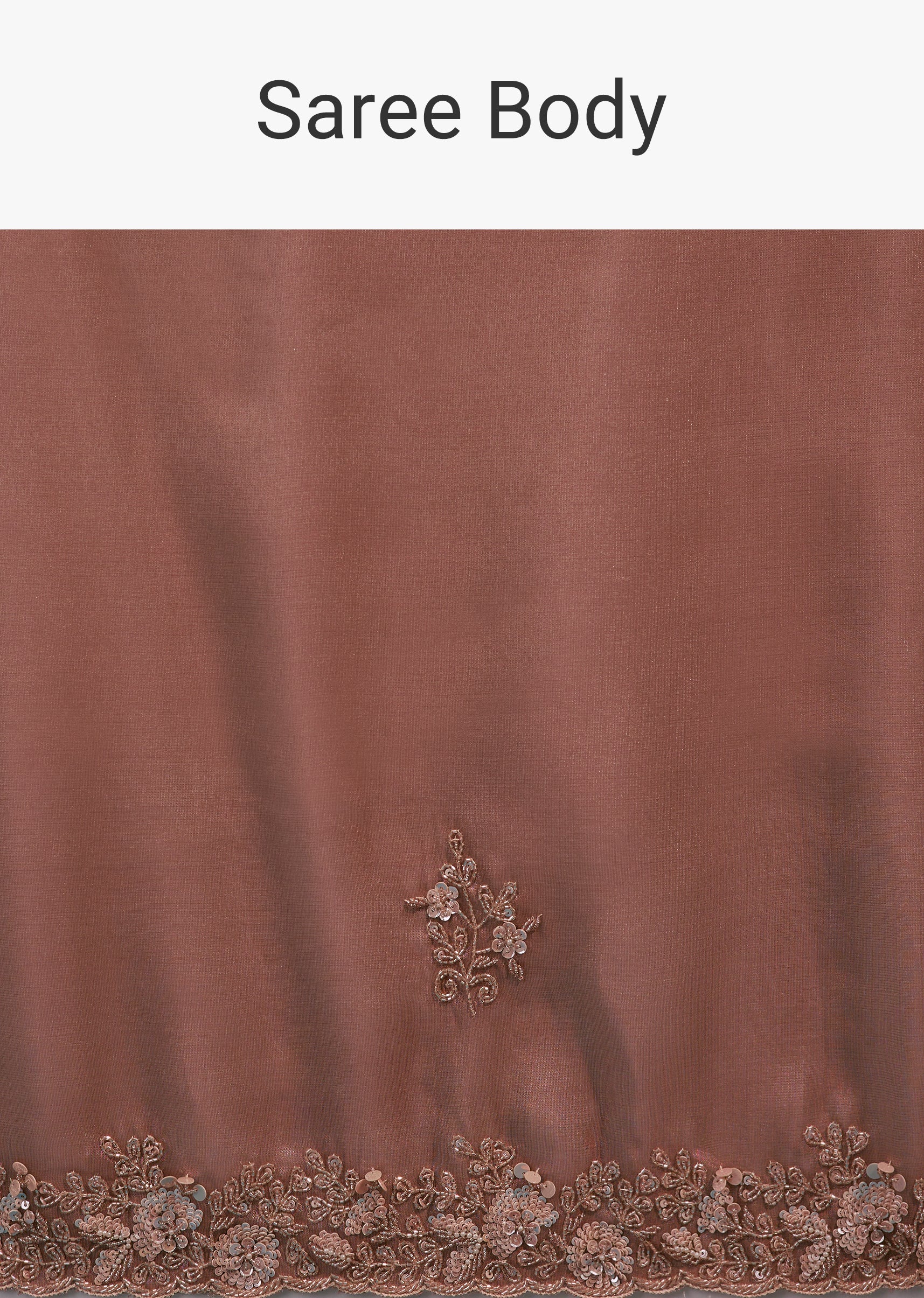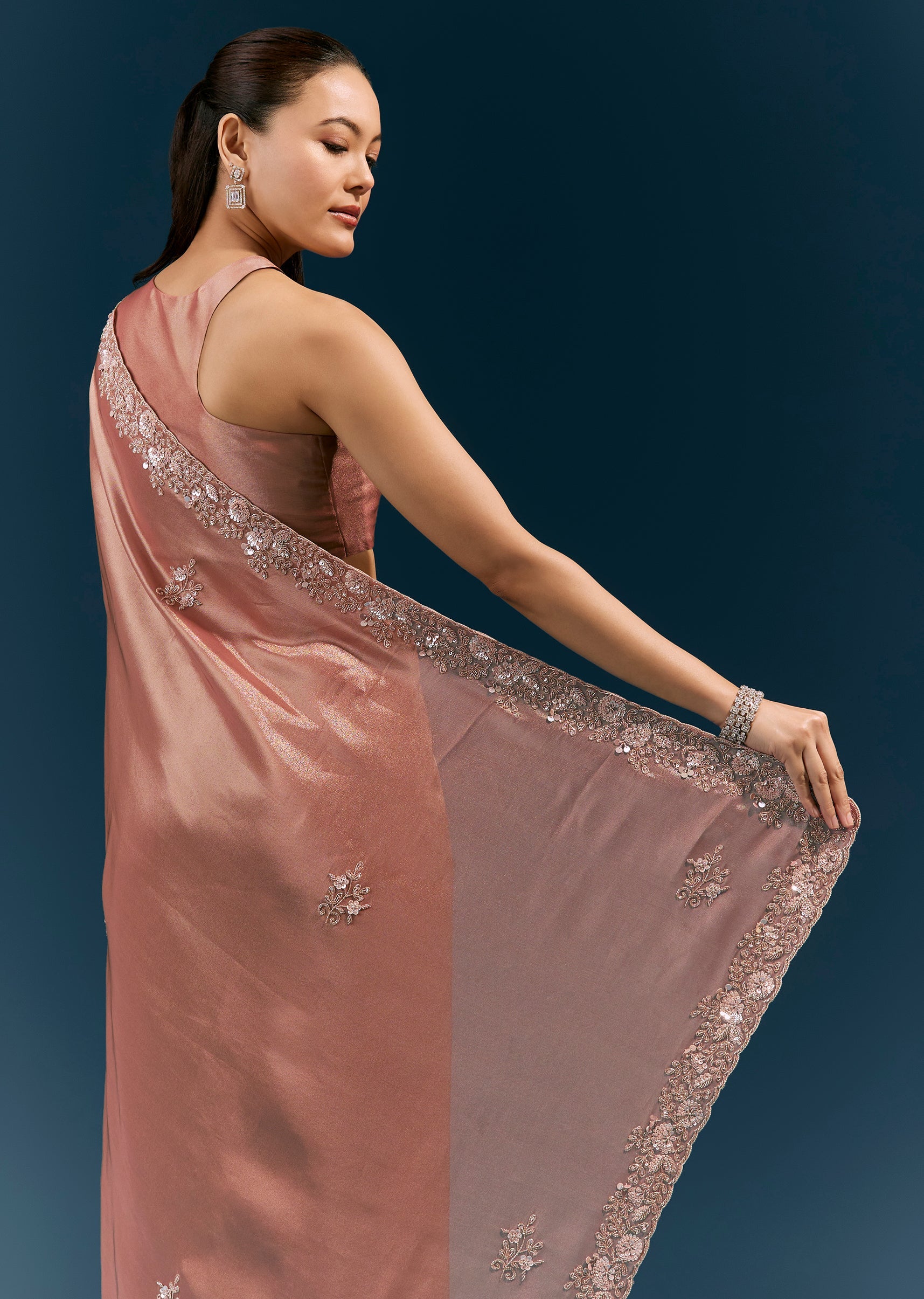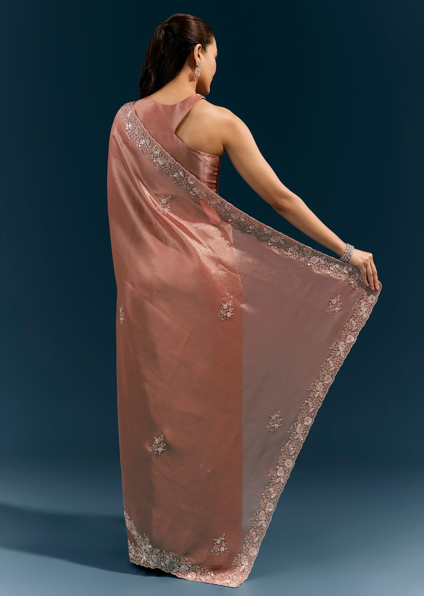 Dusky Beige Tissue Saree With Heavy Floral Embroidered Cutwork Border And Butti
-*-*-
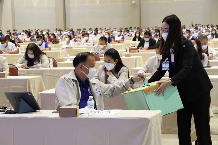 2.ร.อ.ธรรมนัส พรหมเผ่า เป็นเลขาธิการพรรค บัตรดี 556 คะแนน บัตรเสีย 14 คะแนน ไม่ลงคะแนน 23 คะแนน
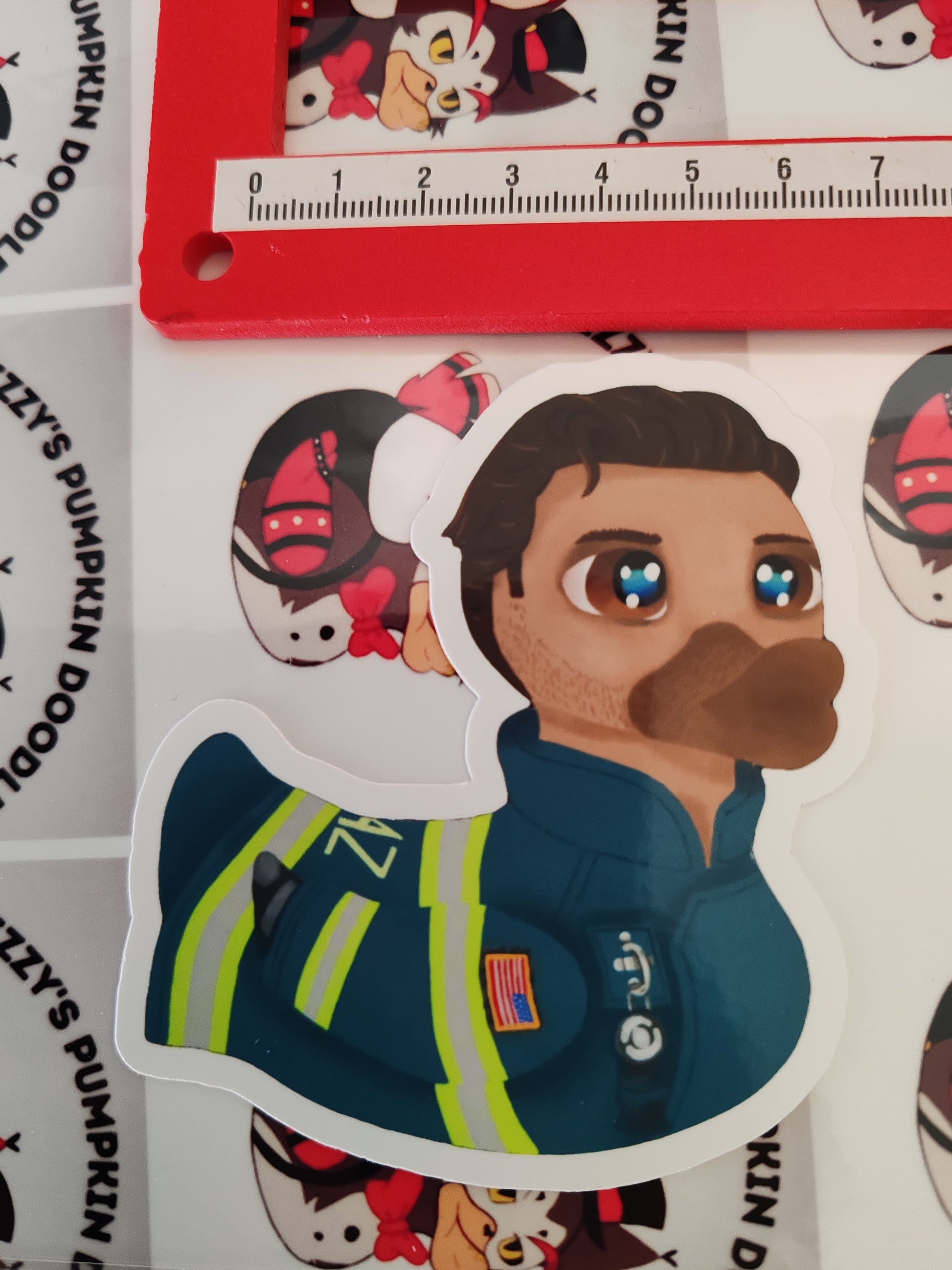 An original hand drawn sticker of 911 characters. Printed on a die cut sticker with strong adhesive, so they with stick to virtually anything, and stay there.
-*-*-
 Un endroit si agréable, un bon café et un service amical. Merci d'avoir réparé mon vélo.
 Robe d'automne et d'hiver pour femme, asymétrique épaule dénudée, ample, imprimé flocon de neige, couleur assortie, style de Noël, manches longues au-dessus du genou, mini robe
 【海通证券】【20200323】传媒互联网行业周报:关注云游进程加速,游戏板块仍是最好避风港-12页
-*-*-
◆ How to complete this task: A clean copy is needed of the lines in the listing above from the one with "2.ร.อ.ธรรมนัส พรหมเผ่า เป็นเลขาธิการพรรค" through the one with "An original hand", exact in every word and free of pictures.

◆ Answer to the problem:
 2.ร.อ.ธรรมนัส พรหมเผ่า เป็นเลขาธิการพรรค บัตรดี 556 คะแนน บัตรเสีย 14 คะแนน ไม่ลงคะแนน 23 คะแนน
 An original hand drawn sticker of 911 characters. Printed on a die cut sticker with strong adhesive, so they with stick to virtually anything, and stay there.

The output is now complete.